On the Podcast: Inside Milan Fashion Week


Happy Day 1 of Shark Week!

Today, we’re on the ground at Milan Fashion Week, where there were exciting debuts from Meryll Rogge at Marni, Maria Grazia Chiuri at Fendi, and—most anticipated of all—Demna at Gucci. Nicole Phelps; Vogue Italia’s head of editorial content, Francesca Ragazzi; and Vogue contributor Luke Leitch were there to take it all in, and The Run-Through was right there with them.

The question going into the Gucci show was: who is Demna now? After a decade of deconstruction and conceptual provocation at Balenciaga—jackets made from trousers, outrageous couture wrapped in 50 meters of tulle, and the like—the designer stepped into one of fashion’s most iconic Italian houses with an eye toward the new.

“It’s not the same Demna,” Phelps said immediately after the show. “At Balenciaga he was an experimentalist. This was foundational.”

“It was definitely a new Gucci,” Leitch added, “and a new Demna.”

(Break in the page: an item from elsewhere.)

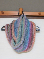 出来上がったものは、自分で使ったりプレゼントしたり、また、譲ってほしいと言われて材料費だけ頂いてお渡ししたものもあります。そのうちスヌードも編みました。要領は全く同じで、輪針でひたすら編みます。こちらは太い毛糸を使ったので、あっという間に仕上がりました。「暇があったら編んでるなぁ」と夫に呆れられながら、楽しくてずっと手を動かしていました。

Elsewhere, at Marni, Meryll Rogge brought her knitwear expertise and a genuine emotional connection to the brand: she’d purchased her first pair of Marni platforms with her first paycheck as an assistant at Marc Jacobs, and wore a Marni skirt to her brother’s wedding as a teenager.

“She was born to do this job,” Phelps said.

At Moschino, meanwhile, creative director Adrian Appiolaza went back to his Argentine roots, finding inspiration in the landmarks, monuments, and icons of his home country. “Identity is one of the key words of the season here in Milan—designers thinking about who they are and why they’re in business, and really digging into that,” Phelps observed after the show.

Next stop? Paris!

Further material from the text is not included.